What is Startup?

  •                                 Jun 02 ,2019

A startup definition generally referred to a small business that is in its initial stage of operations. Startups are founded by a group of people or in some cases by a single person where they aim to provide a product or a service. In recent times, Startup is no longer an off-the-wall topic since there are many startups in our country.

What is Startup?

Lean startup is a business and product development process that tries to shorten product development cycles and quickly determine whether a given business model is viable by combining business hypothesis-driven experimentation, iterative product releases, and validated learning.

A startup is a business or project started by a startups founder or entrepreneur with the goal of finding, developing, and validating a scalable business model. While entrepreneurship encompasses all new firms, including self-employment and business credit with no plans to register, startups refer to businesses with plans to expand beyond the founder’s single location. Startups endure a lot of uncertainty and failure at first, yet a small percentage of them go on to be successful and important.

There are basically six types of startups :

  • Small business startups

  • Buyable startups

  • Scalable startups

  • Offshoot startups

  • Social startups

  • Lifestyle startups 

All six types of startups need to take into consideration a lot of things to reach their product or service to the clients. From planning, designing, funding to research there are many other meticulous things that help businesses to grow rapidly. There are certain principles that companies should follow from their starting phase to the final phase. These principles have a huge impact on companies. The considerations are :

Market validation

Market validation is the most important key factor to know the demand for startup owners in the market. Good knowledge of market demand makes it’s easy to develop a product or service which is customer-centric for every company startup. Market validation can be done via survey, email response, or Data Analysis.


The initial investment or startup capital for your business plans is the most important factor. Generally, almost all business starts with a small amount of investment and secure funding and the investment grows after the business starts to grow. In recent times, there are various companies willing to invest in small companies or successful people if impressed by the idea also invest in small startups.

An angel investor is a person who invests in a firm or a business startup in exchange for convertible debt or equity in the company. Angel investors typically fund start-ups in their early stages, when most other investors are hesitant to back them.

Venture Capital 

venture capitalists are equity investors who invest in high-growth firms in exchange for a share of the company’s ownership. This might include sponsoring new projects or assisting small businesses that want to grow but don’t have access to the stock market.

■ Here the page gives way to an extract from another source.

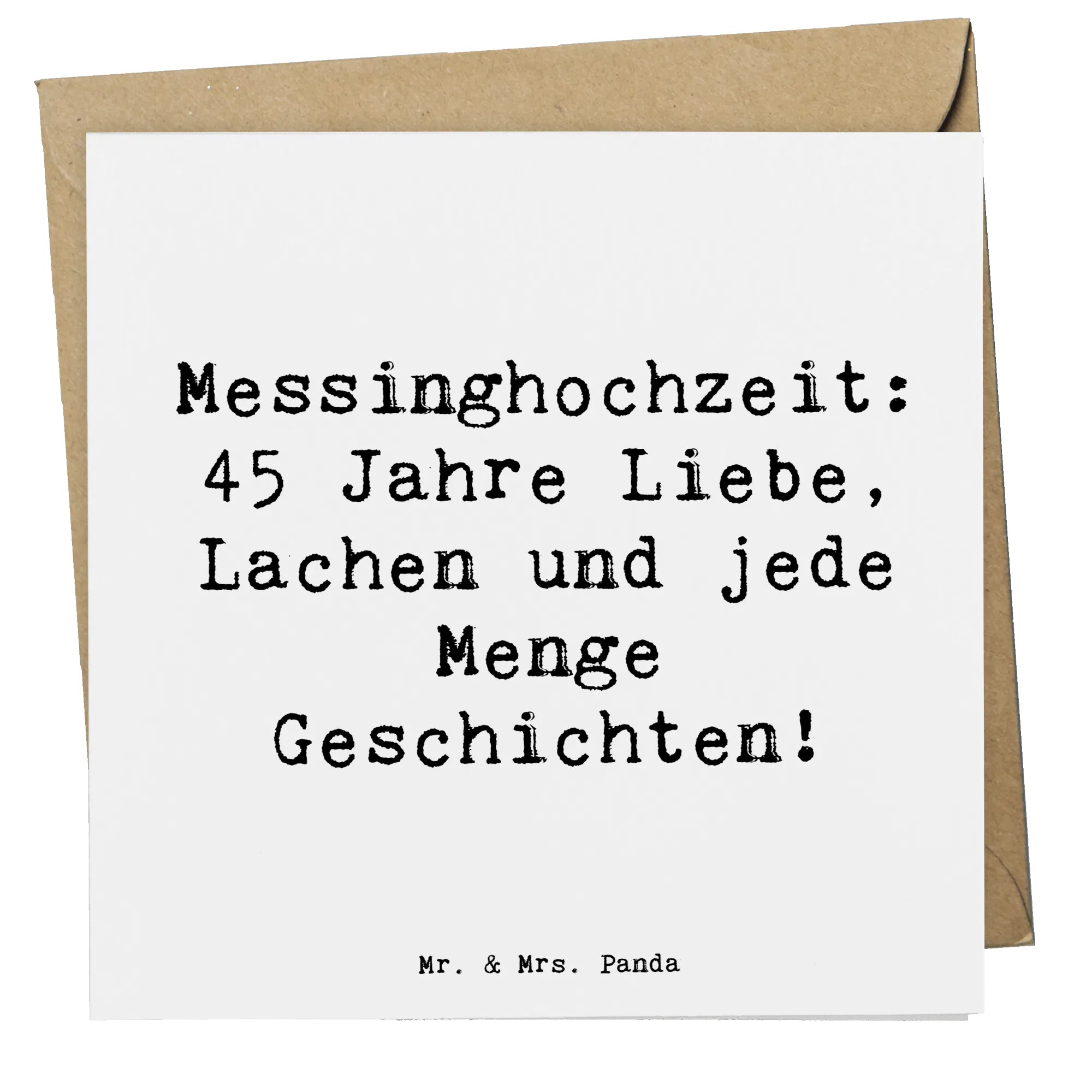 Die Deluxe Karte zum 45. Hochzeitstag, auch bekannt als Messinghochzeit, von Mr. & Mrs. Panda ist die perfekte Wahl, um das außergewöhnliche Jubiläum eines Paares zu feiern. Diese wunderschöne und besonders hochwertige quadratische Karte misst 140 mm x 140 mm und besteht aus hochwertigem 300 Gramm Karton. Mit ihrem eleganten Design und dem spritzigen Spruch: „Messinghochzeit: 45 Jahre Liebe, Lachen und jede Menge Geschichten!“ bringt sie ein Lächeln auf die Lippen des Beschenkten und fängt die wunderbaren Momente dieser langanhaltenden Liebe ein.

Equity crowdfunding is the online offering of private company securities for investment to a group of people, and it is thus a part of the capital markets. Because equity crowdfunding is an investment in a business, it is frequently governed by securities and financial regulations.

Using a credit card to fund your startup is quick, easy, and flexible. One of the biggest advantages of utilizing credit is that the appropriate card may make it as good as cash.


Startup companies need to form a partnership with other companies to grow their business. Business partner aids to showcase the product or service to other customers. A business partnership with other companies helps to become successful.

Startups tend to be are more laid-back by nature, making the workplace more communal through flexible hours, more employee engagement, and flexibility. Startups are also more likely to offer superior workplace advantages, such as child care, free food, and shorter workweeks.

Good Decision Making

Good decisions in uncertainty may save a lot of money. It is not always that companies make a profit every year and customers become happy with their products.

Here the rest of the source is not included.